FIG. 2 is a block diagram showing a specific configuration example of an encoding unit for high efficiency encoding employed in the data transmission / reception system.
FIG. 3 is a diagram illustrating frequency-time characteristics of orthogonal transform blocks in the high-efficiency encoding apparatus.
FIG. 4 is a block diagram illustrating a specific configuration example of a decoding unit for high efficiency encoding employed in the data transmission / reception system.
FIG. 5 is a flowchart showing a data distribution processing procedure in the data transmission / reception system.

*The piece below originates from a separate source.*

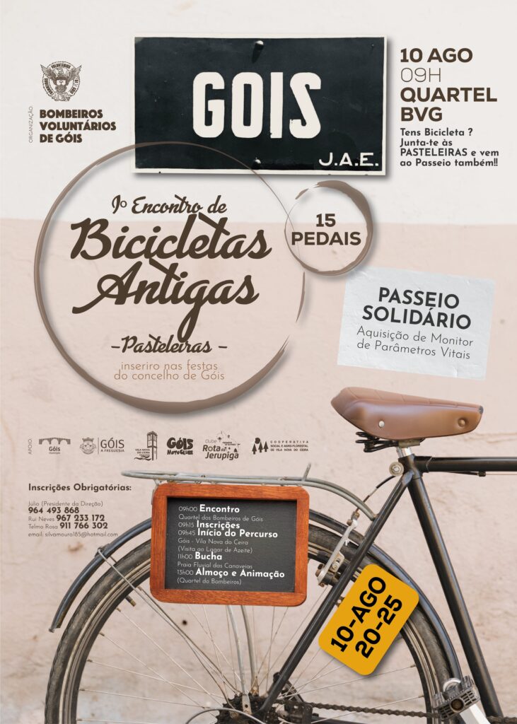 No âmbito da programação das Festas do Concelho de Góis, no dia 10 de agosto, pelas 09h00, com início no Quartel dos Bombeiros Voluntários de Góis, irá decorrer o 1º Encontro de Bicicletas Antigas e Pasteleiras, uma iniciativa solidária promovida pelos Bombeiros Voluntários de Góis, em parceria com o Município de Góis, com o objetivo de adquirir um monitor de parâmetros vitais.
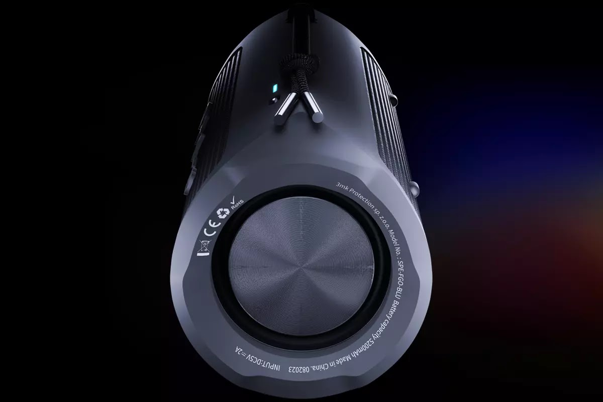 Pregătește-te pentru o revoluție sonoră cu noua boxă wireless Fuego de la 3mk Protection! Fuego garantează calitate și intensitate sonoră fără compromisuri, iar soluțiile inovatoare asigură o conexiune fiabilă a dispozitivului, protecție împotriva vărsărilor, capacitate uimitoare a bateriei și capacitatea de a crea un câmp sonor.

FIG. 6 is a time chart showing the operation on the data receiving apparatus side in the data transmission / reception system, in which (A) shows data when the actual reproduction time of the summary data is shorter than the reception time of both the summary data and the complementary data. (B) shows the processing contents of the data receiving apparatus when the actual reproduction time of the summary data is longer than the total reception time of both the summary data and the complementary data.
[Explanation of symbols]
DESCRIPTION OF SYMBOLS 1 Data transmission / reception system, 10 Data transmission apparatus, 20 Data reception apparatus, 30 Communication line, 11, 21 Modem, 12 Hard disk array, 13 Data search processing part, 14 Data separation part, 15 Control part, 22 HDD, 23 Data composition part 24 reproduction processing unit 25 output unit 26 control unit 27 operation input unit

Claims (4)

From the information center, the specified program is separated into summary data from which the overview of the entire program can be grasped and supplementary data that can be restored to the original program by combining with the above summary data, and delivered in the order of summary data and supplementary data A terminal device,
Receiving means for receiving summary data and supplementary data distributed from the information center;
Combining means for combining the summary data received by the receiving means and the complementary data;
Reproducing means for performing monitor reproduction based on at least the summary data among the separated data received,
The program comprises audio data, and the summary data and the complementary data distributed from the information center comprise an addition output of a plurality of channels of the audio data and a subtraction output of a plurality of channels of the audio data,
The complementary data transmitted with the lock data added from the information center is received by the receiving means, and the key data corresponding to the received lock data is obtained by applying a predetermined charging process, The complementary data can be reproduced by comparing the lock data with the key data, and the original program is restored to the original signal by adding / subtracting the summary data and the complementary data by the synthesizing means. A terminal device characterized by that.   2. The terminal device according to claim 1, wherein the supplementary data is transferred in a plurality of times with respect to one transfer of the summary data from the information center.   2. The terminal device according to claim 1, wherein the summary data continues to be monitored and reproduced even if downloading of the complementary data from the information center is started.   4. The terminal device according to claim 3, wherein the summary data is reproduced free of monitor.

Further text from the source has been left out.